From our point of view, special attention should be paid to the ability to use digital

technologies to support active citizenship and social integration, cooperation with

others and creativity to achieve personal, social or commercial goals (Balyk &

Shmyger 2018).

We note that teachers are active citizens of digital society, so their digital

competences should be flexible enough to be relevant both now and in the near

future. Considering this, there is a problem of restarting all pedagogical education

and analyzing theoretical and practical approaches to the development of digital

competences of future educators.

A comprehensive solution of this problem is possible providing the development of

teachers’ digital competences based on the DigCompEdu framework and its

projection on the national education system. We also need to change university

curricula, programs and teaching methods in accordance with the current state and

trends of digital technologies development, and increase the level of digital

competences of university professors.

The purpose of the article is to analyze the domestic and foreign experience of

determining theoretical and practical aspects of the development of digital

competences of future teachers. We aimed to study the level of students' digital

competences formation in the context of the European Digital Competence

Framework for Educators (DigCompEdu), and describe the developed

methodology for developing their digital competences at the Volodymyr Hnatiuk

Ternopil National Pedagogical University.

Development of Digital Competences of Future Teachers 489

1. THEORETICAL BASIS OF THE STUDY

Scientists from many countries have been developing an approach to competency-

based training as a modern teaching standard for teachers training. The categorical

and conceptual apparatus of the competency-based approach is considered in

different scientific studies (Bykov & Ovcharuk 2017), (Morse, Barna,

Kuzminskaya & Vember 2017), (Ovcharuk 2005), (Wolfe & Steinberg

2014), (Johnstone & Soares 2014). For example, the authors (Smirnova-

Trybulska, Stec, Studenska, Nosko va, Pavlova, Yakovleva &

Delgando 2017) define competence as an individual potential to adapt to

environmental conditions, to implement creative changes and to act effectively.

J. Gervais constructed an operational definition of competency-based education. In

particular, CBE is defined as an outcome-based approach to education that

incorporates modes of instructional delivery and assessment efforts designed to

assess the mastery of learning by students through their demonstration of the

knowledge, attitudes, values, skills and behaviors required for the degree sought

(Gervais 2016).

Scientists consider the problem of identifying key competences in the field of

digital education and teacher training (Crick 2008), (Smyrnova-Trybulska

2007). The aim of the study (Svensson & Baelo 2014) was to determine

teachers’ understanding of digital competences for developing their future

profession. The review (Pettersson 2018) focuses mainly on how digital

competences in educational contexts have been regarded in international research

over the past 10 years in terms of politics, organizational infrastructure and

strategic leadership.

R. Hall, L. Atkins, and J. Fraser have reviewed a variety of frameworks (Hall ,

Atkins & Fraser 2014). These frameworks are structured around three or four

levels, which tend to reveal a deficit model at the lower levels and determine

critical digital engagement on the progress of the very basic requirements to the

demonstration of expert, transformational skills, practices and knowledge. For

example, the levels defined in the DigEuLit project (Martin & Grudziecki

2007) move from 'digital competence', generic skills and approaches to 'digital

usage', the professional application of these skills and finally to 'digital

transformation', where innovation and creativity occurs.

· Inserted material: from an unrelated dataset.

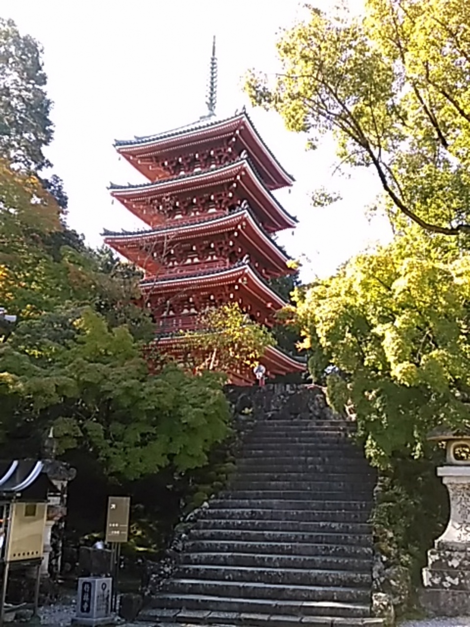 五重の塔は、仁王門をくぐり石段を登り左斜め前進むとあります。朱色の五重の塔は、周りの木々の緑との対比が綺麗で、境内でも一際、存在感があります。塔は明治時代に台風により倒壊して、昭和55年に鎌倉時代初期の様式をもつ五重塔として再建されています。

The model for integrating digital competences into the professional development of

teachers is analyzed in the study (Pozos 2010, UNESCO 2008). The model

contains a framework of 7 digital competences, 78 units of digital competences

distributed over three levels of competences development: Basic Knowledge,

Knowledge Deepening and Knowledge Generation.

The work (Balyk & Shmyger 2017) reveals the process of forming teachers’

digital competences at the smart university as well as defines organizational and

pedagogical conditions, principles and pedagogical methods of their development

Nadiia Balyk, Galyna Shmyger 490

and presents a three-dimensional model for the formation of digital competences in

the context of creating new knowledge.

2. ТНЕ PRESENTATION OF MAIN RESULTS

2.1. Digital competences. Teacher Training

Modern society should promote the development of digital competences necessary

for lifelong learning. Teachers play an important role in the process of mastering

these competences by the younger generation. Therefore, appropriate conditions

must be provided to properly motivate and train future teachers. Without

professional growth and continuous training, teachers will not be able to integrate

correctly the topic of digital competence into the context of their disciplines.

Reform of higher education in Ukraine requires changes in the system of training

of young people. These changes, along with other social and economic challenges,

require an adequate response from higher education. Realizing the importance of a

teacher in developing students’ digital competences, we offer a study that aims to

promote the development of digital competences of future educators.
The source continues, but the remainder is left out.